::: INFORMATION

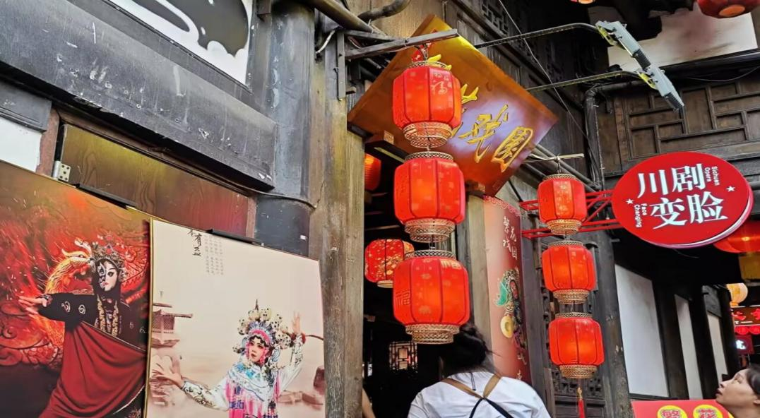 锦里古戏台是本次实践的重点调研对象。团队在古街观察了川剧变脸、皮影戏等传统表演,并对表演者与观众进行了访谈。观众以青少年与外地游客为主。表演者李师傅介绍:“现在的川剧表演在保留核心技艺的同时,会融入现代灯光音效,目的是让年轻观众更容易接受。”团队成员注意到,戏台旁设置的“川剧知识角”通过图文展板与互动体验装置,使传统艺术传播更具趣味性。
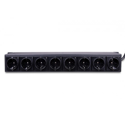 - 8 Schalter auf der Vorderseite und Schuko-Steckdosen auf der Rückseite
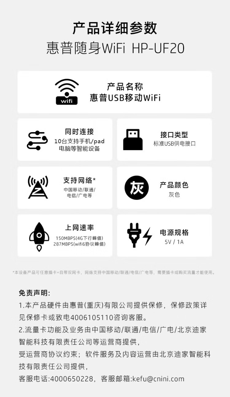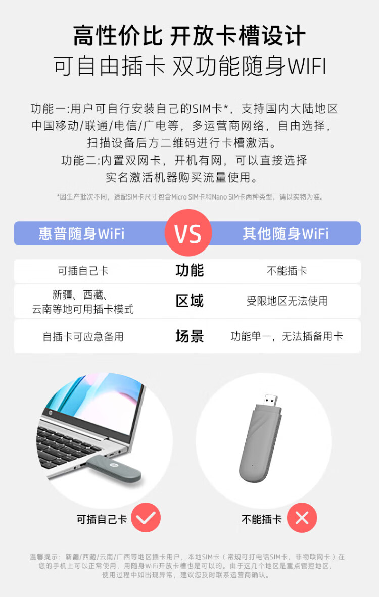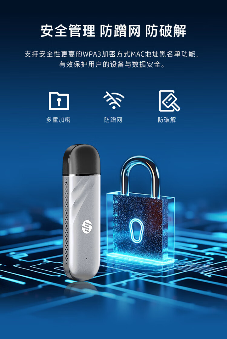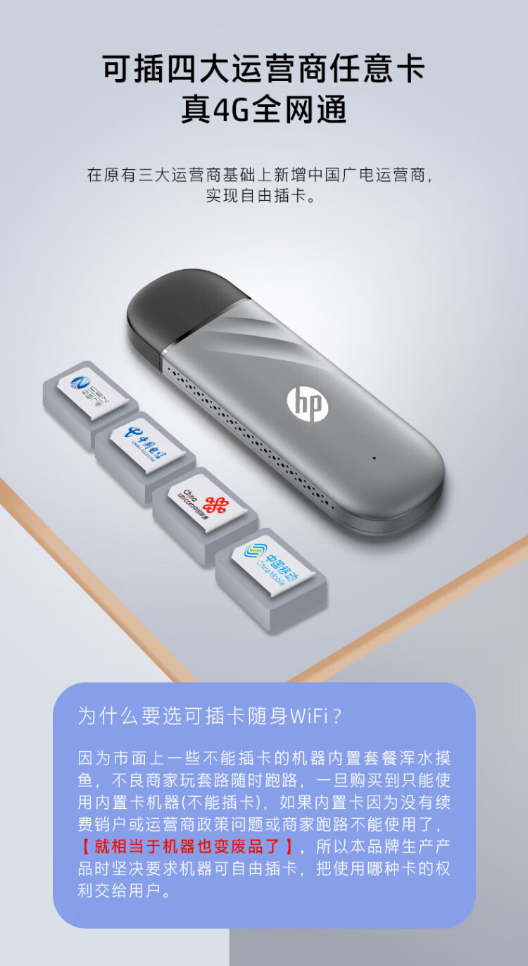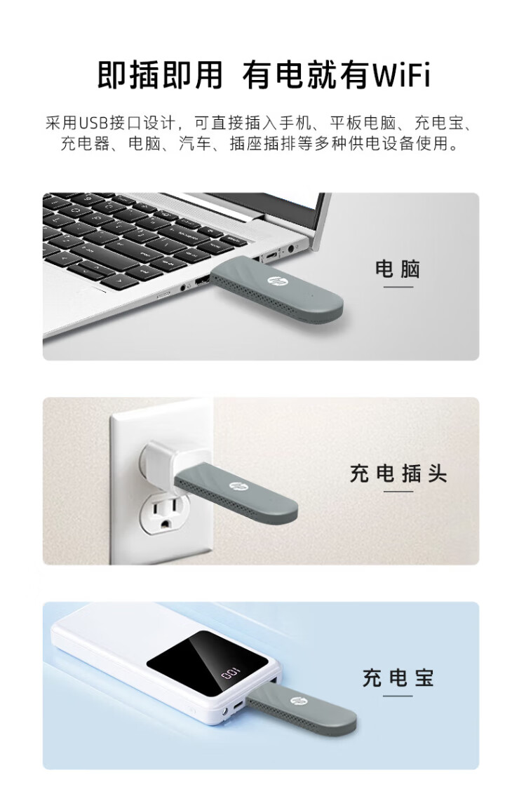 惠普(HP)可插自己卡随身Wifi6支持5G/4G设备移动双网全国通用高速无限流量2025款全网通便携无线路由器车载
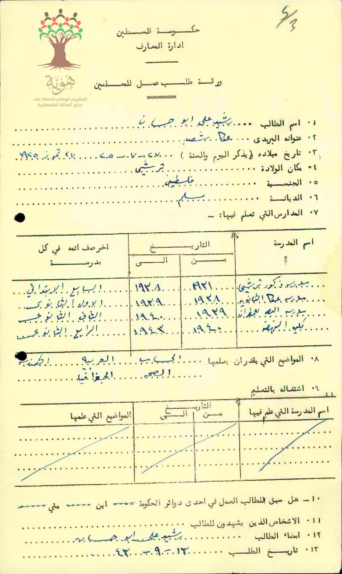 طلب توظيف مقدم من المعلم رشيد ابو حسان مواليد 27/5/1925 - ترشيحا - مدرسة شعب
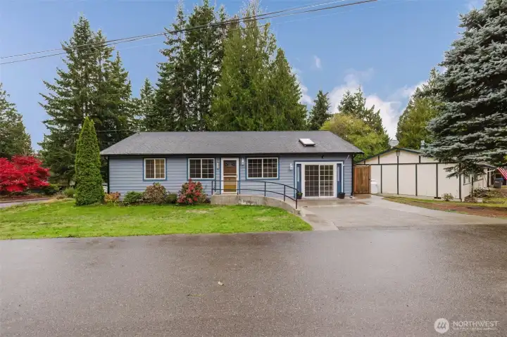 Charming 3 Bed / 2.5 Bath 1986 Rambler in Poulsbo, WA. Fireplace in living room for cozy nights. Located on a 0.16-acre lot in the desirable Miller Bay Estates community, this well-maintained rambler offers comfort and convenience. Features include a cemented parking pad with an ramp and handrail leading to the front door. The spacious backyard includes a sheds, small workshop, and dedicated garden space—perfect for enjoying quiet afternoons outdoors. Don't miss out—schedule your showing today!
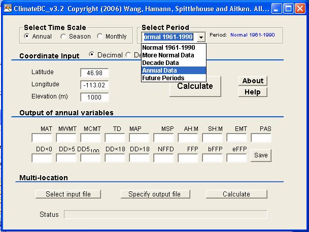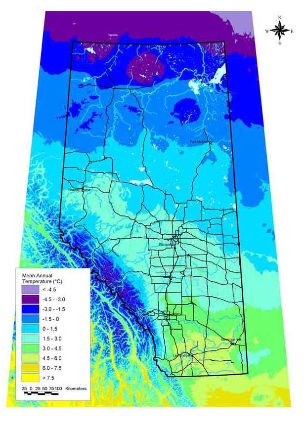 For the period 1985-2002, climate data, such as monthly average temperature, mean annual temperature (MAT), precipitation, degree-days above 5°C etc., were obtained from ClimateBC and ClimateAB programs [5-8]. During preliminary analysis using SAS and ArcGIS I calculated average values of the climatic data grouped by the ecosystems (zone level) for BC and AB. At the end of my preliminary analysis I could created a flat file of climate data parameters over a 20 year period for each ecosystem of BC and AB.
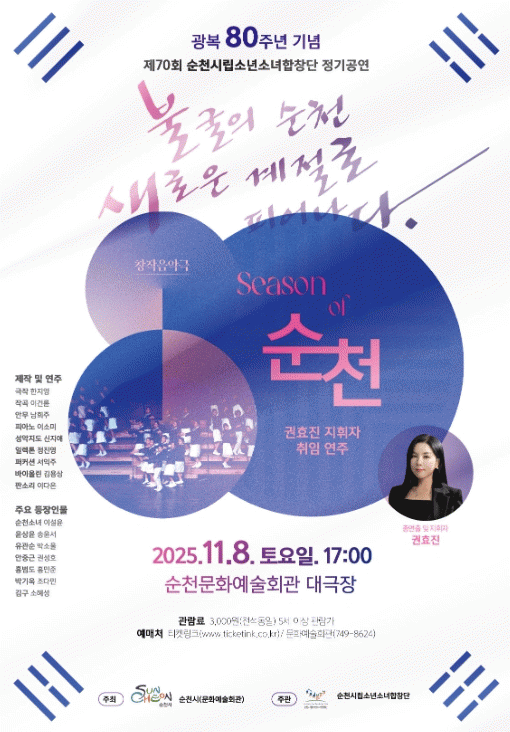 [´º½ºÅë ±è±¤¿ ±âÀÚ]¼øÃµ½Ã´Â ¿À´Â 8ÀÏ Åä¿äÀÏ ¿ÀÈÄ 5½Ã, ¼øÃµ¹®È¿¹¼úȸ°ü ´ë±ØÀå¿¡¼ ¼øÃµ½Ã¸³¼Ò³â¼Ò³àÇÕâ´Ü Á¦70ȸ Á¤±â¿¬ÁÖȸ âÀÛÇÕâÀ½¾Ç±Ø 'Season of ¼øÃµ'À» °³ÃÖÇÑ´Ù°í ¹àÇû´Ù.
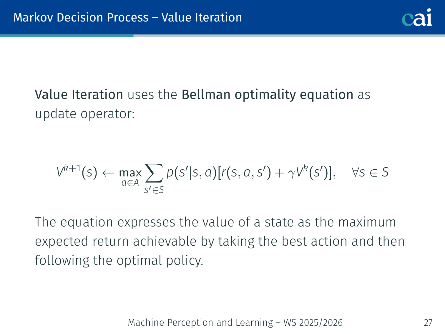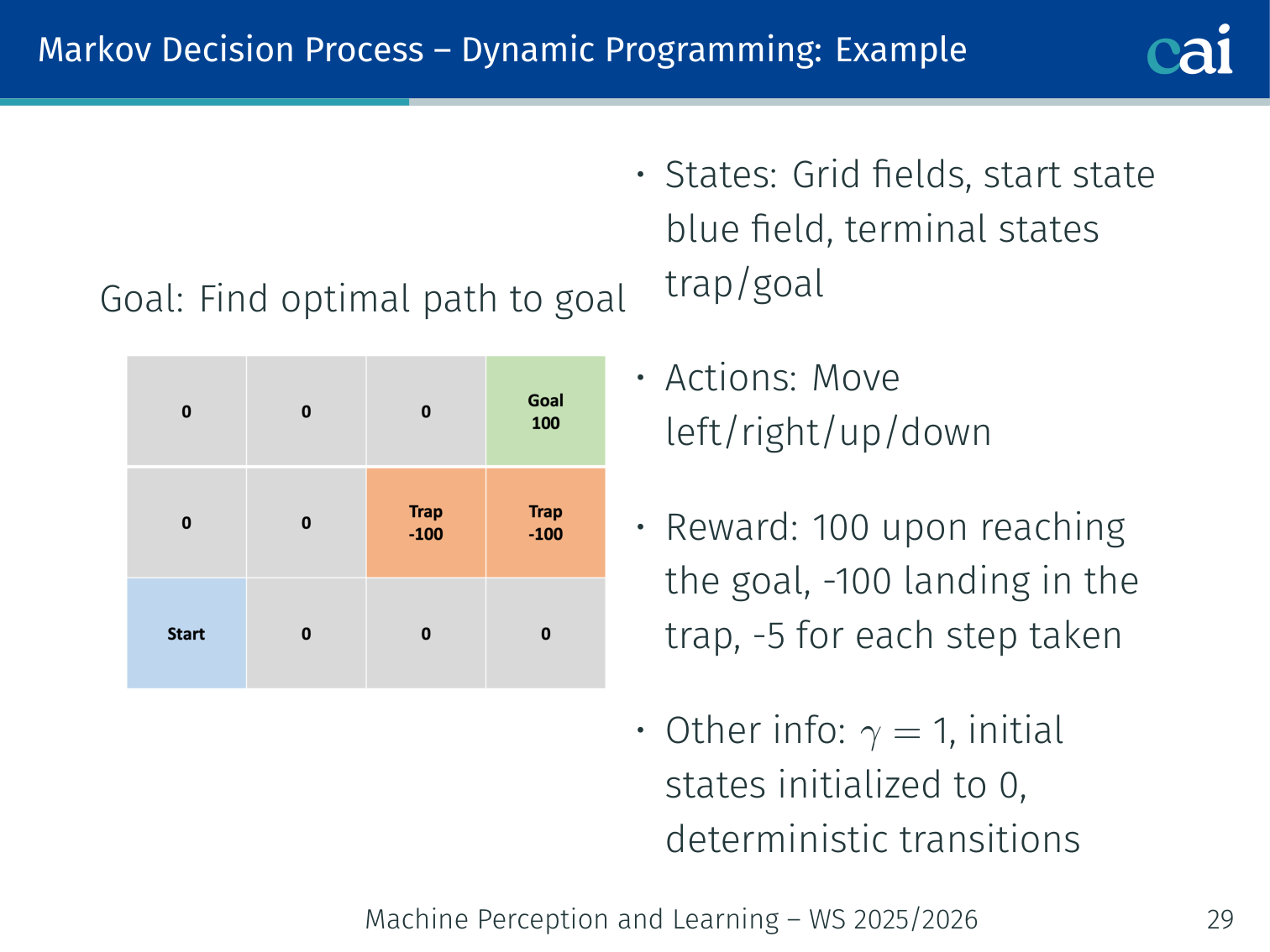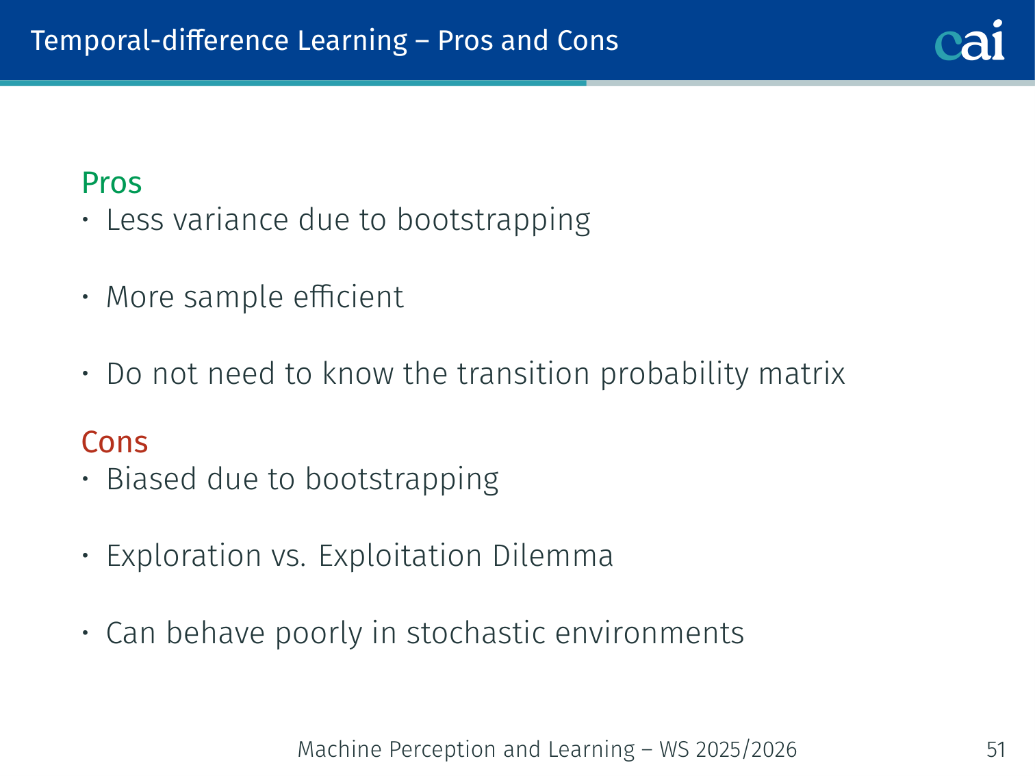- Bellman Equation: Decomposes the value of a state into the immediate reward plus the discounted value of the next state.

::::::

ACTION ITEM:
Exactly as they stand, set down all of the entries above, minus every picture.

REPLY TO THE EXERCISE:
 锦里古戏台是本次实践的重点调研对象。团队在古街观察了川剧变脸、皮影戏等传统表演,并对表演者与观众进行了访谈。观众以青少年与外地游客为主。表演者李师傅介绍:“现在的川剧表演在保留核心技艺的同时,会融入现代灯光音效,目的是让年轻观众更容易接受。”团队成员注意到,戏台旁设置的“川剧知识角”通过图文展板与互动体验装置,使传统艺术传播更具趣味性。
 - 8 Schalter auf der Vorderseite und Schuko-Steckdosen auf der Rückseite
 惠普(HP)可插自己卡随身Wifi6支持5G/4G设备移动双网全国通用高速无限流量2025款全网通便携无线路由器车载
 طلب توظيف مقدم من المعلم رشيد ابو حسان مواليد 27/5/1925 - ترشيحا - مدرسة شعب
 Charming 3 Bed / 2.5 Bath 1986 Rambler in Poulsbo, WA. Fireplace in living room for cozy nights. Located on a 0.16-acre lot in the desirable Miller Bay Estates community, this well-maintained rambler offers comfort and convenience. Features include a cemented parking pad with an ramp and handrail leading to the front door. The spacious backyard includes a sheds, small workshop, and dedicated garden space—perfect for enjoying quiet afternoons outdoors. Don't miss out—schedule your showing today!
 For the period 1985-2002, climate data, such as monthly average temperature, mean annual temperature (MAT), precipitation, degree-days above 5°C etc., were obtained from ClimateBC and ClimateAB programs [5-8]. During preliminary analysis using SAS and ArcGIS I calculated average values of the climatic data grouped by the ecosystems (zone level) for BC and AB. At the end of my preliminary analysis I could created a flat file of climate data parameters over a 20 year period for each ecosystem of BC and AB.
 [´º½ºÅë ±è±¤¿ ±âÀÚ]¼øÃµ½Ã´Â ¿À´Â 8ÀÏ Åä¿äÀÏ ¿ÀÈÄ 5½Ã, ¼øÃµ¹®È¿¹¼úȸ°ü ´ë±ØÀå¿¡¼ ¼øÃµ½Ã¸³¼Ò³â¼Ò³àÇÕâ´Ü Á¦70ȸ Á¤±â¿¬ÁÖȸ âÀÛÇÕâÀ½¾Ç±Ø 'Season of ¼øÃµ'À» °³ÃÖÇÑ´Ù°í ¹àÇû´Ù.
- Bellman Equation: Decomposes the value of a state into the immediate reward plus the discounted value of the next state.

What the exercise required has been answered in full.